Официальный сайт журналиста и писателя Сергея Маркова.
Сколько яблок было той осенью Версия в формате PDF Версия для печати Отправить на e-mail
03.11.2009
Оглавление
Сколько яблок было той осенью
Страница 2
Страница 3
Страница 4
Страница 5

– А хочешь я тебе спою?
Она запела эстрадную песню, которая года три назад все звучала по радио и по телевизору. Максим допил портвейн и сидел, прислонившись к стенке плечом, пьяный и размякший. Откуда-то из глубины поднималась, переполняла его странная какая-то... нежность; нежность не к чему-то определенному, реальному, а ко всему, что в тот момент переплелось в сознании, – нежность и жалость к ночи, которая такая длинная, холодная, к Волге, болезненно вздувшейся где-то там, в темноте, к звездам, видневшимся через окошечко, к себе, – было шестнадцать лет, а теперь уже двадцать три, и скоро будет тридцать, сорок, семьдесят, а то далекое, светлое так и не вспомнить...
Потом она пела уже не эстрадные песни, а старые русские, которых много знала ее мама Зинаида Михайловна, и Максим подпевал. «По диким степям Забайкалья, где золото роют в песках...», «Шумел камыш, деревья гнулись, а ночка темная была, одна возлюбленная пара всю ночь гуляла до утра...» Голос ее был совсем не таким, каким вспомнился Максиму, а может быть, просто казалось тем, доармейским летом... Многое ему казалось, чего не было и не могло быть, теперь он понял это, и так грустно было, и так сладко на душе, и нежность, и жалость ко всему сущему (так про себя он формулировал) кружилась в такт песне: «...поутру пташечки запели, уж наступил прощанья час, пора настала расставаться, и слезы полились из глаз.

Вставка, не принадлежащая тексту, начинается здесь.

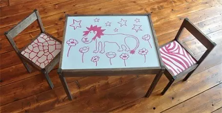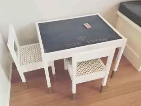 这套桌椅我家也有一套,因为实在是太便宜啦。简单喷个漆,白色桌面贴个图案就挺不错的。

Сам весь в слезах, своей любезной он так учтиво говорил: «О чем ты плачешь, дорогая, быть может, я тебе не мил?» – «Уж я и плачу, и горюю все по тебе, мой друг, тужу, а без тебя я через силу, ох, по земле сырой хожу».
Максим слушал, пел, сдавив виски ладонями, и слезы катились по щекам, за ворот свитера, и ком стыл в горле... Наконец он вспомнил: Эрмитаж, люстры, он, совсем еще маленький, в старенькой кофте на пуговицах, которую называл почему-то кафтаном, сжимая теплую руку отца, стоит и смотрит на женщину, изображенную на холсте; и кажется, будто уже видел он где-то ее лицо, хотя впервые в Ленинграде, – светло-карие огромные глаза с вытянутыми, чуть опущенными веками, лихорадочный румянец на щеках... Лишь через несколько лет узнал Максим, что это «Портрет камеристки инфанты Изабеллы»; она изображена Рубенсом анфас, но ее, только ее профиль напоминал профиль Лизы, и прозрачные руки, которых нет на холсте, и точеная шея, которую не видно под пышным жабо...
Максим нащупал в кармане коробочку духов, которую купил в Красноярске; вытащил и поставил перед Лизой на столе.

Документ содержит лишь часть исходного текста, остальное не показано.